Researchers across the country developed the software platform, led by Justin Reese (Berkeley Lab) and Peter Robinson (Jackson Lab). It analyzes entries in electronic health records (EHRs) to find symptoms common in people diagnosed with long COVID. This helps to define subtypes of the condition.
According to a Berkeley Lab news post, the research identified strong correlations between different long COVID subtypes and pre-existing conditions. These include diabetes and hypertension.
Reese said the research may help improve the understanding of how and why individuals develop symptoms. It also may enable more effective treatments, helping clinicians develop tailored therapies for certain subsets.
The team used a database with EHR information from 6,469 patients diagnosed with long COVID after confirmed COVID-19 infection.
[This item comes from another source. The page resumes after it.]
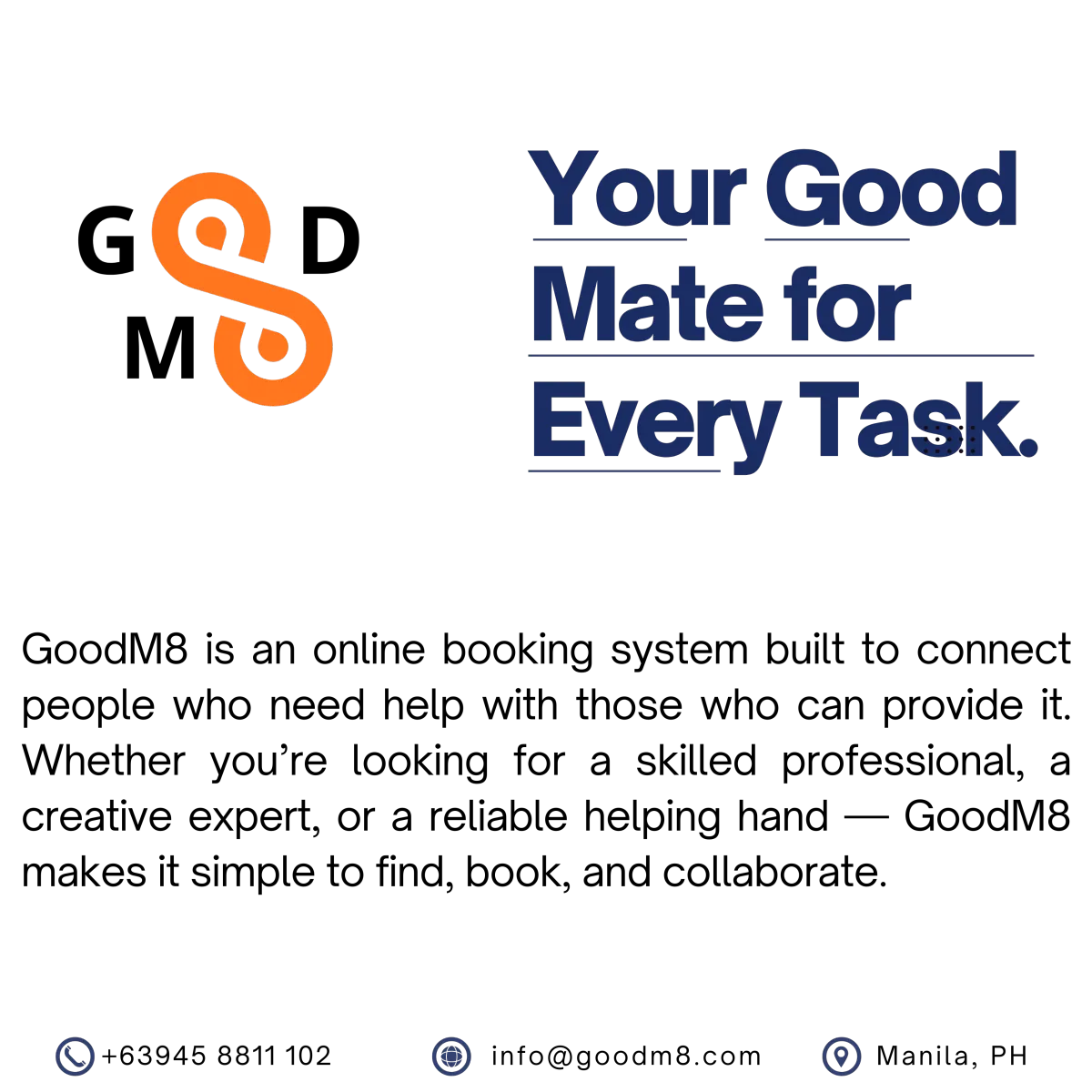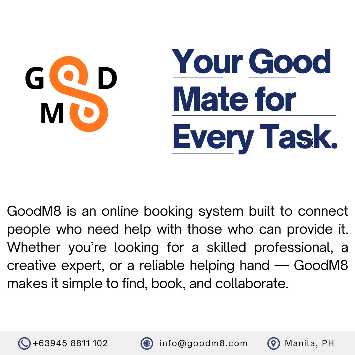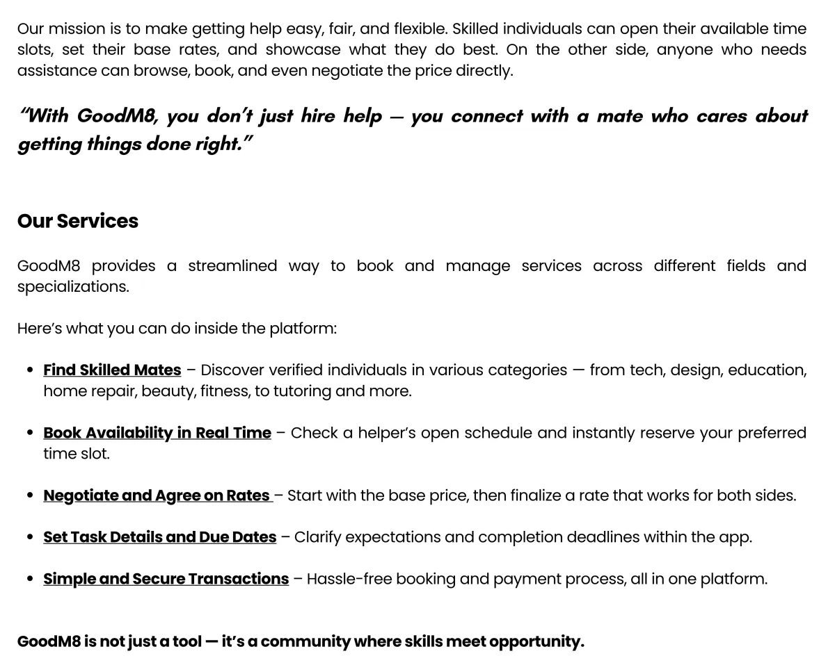 GoodM8 connects you with verified M8s across various fields from tech, design, and education to fitness, beauty, and personal coaching. Whether you need to learn, train, or get help with a task, you can easily find and book the right expert through the platform.
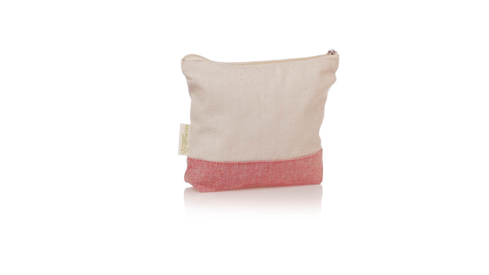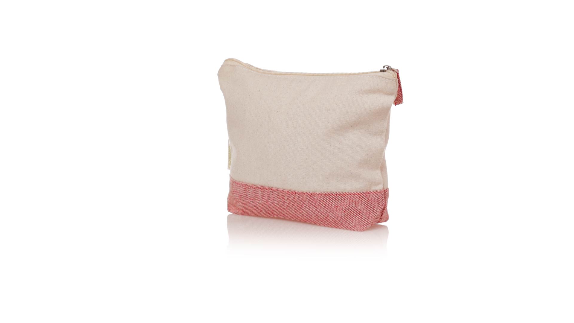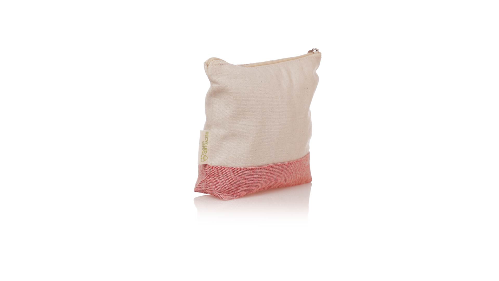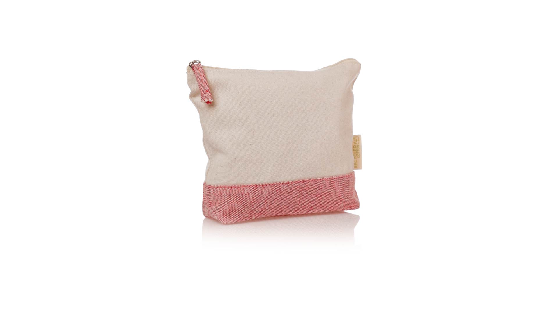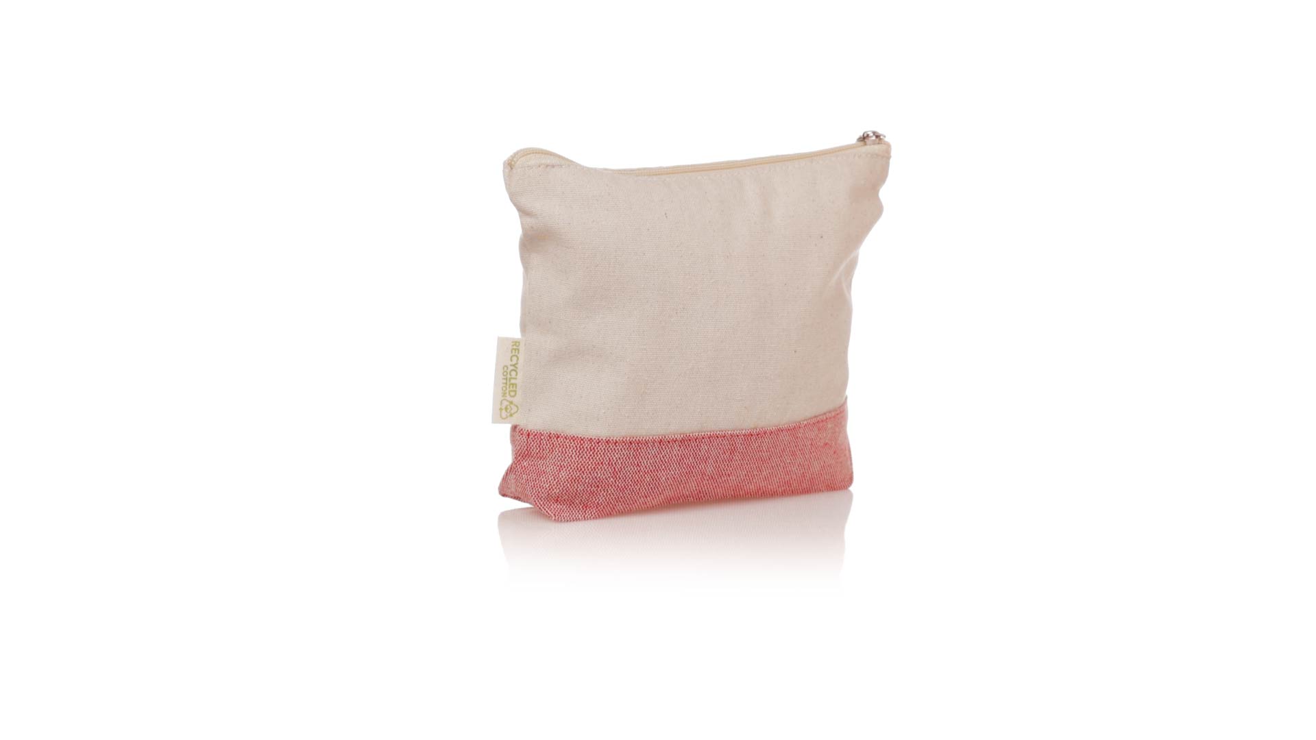Kosmetiktasche aus recycelter Baumwolle. Hauptfach mit Reissverschluss und Griff in der gleichen Farbe wie der Boden. Erhältlich in vielen leuchtenden Farben, mit Etikett für recycelte Baumwolle.

They used machine learning to cluster patients into groups, then characterized the groups by analyzing relationships between symptoms and pre-existing diseases and other demographic features.
“Basically, we found long COVID features in the EHR data for each long COVID patient, and then assessed patient-patient similarity using semantic similarity, which essentially allows ‘fuzzy matching’ between features – for example, ‘cough’ is not the same as ‘shortness of breath,’ but they are similar since they both involve lung problems,” Reese said. “We compare all symptoms for the pair of the patients in this way, and get a score of how similar the two long COVID patients are. We can then perform unsupervised machine learning on these scores to find different subtypes.”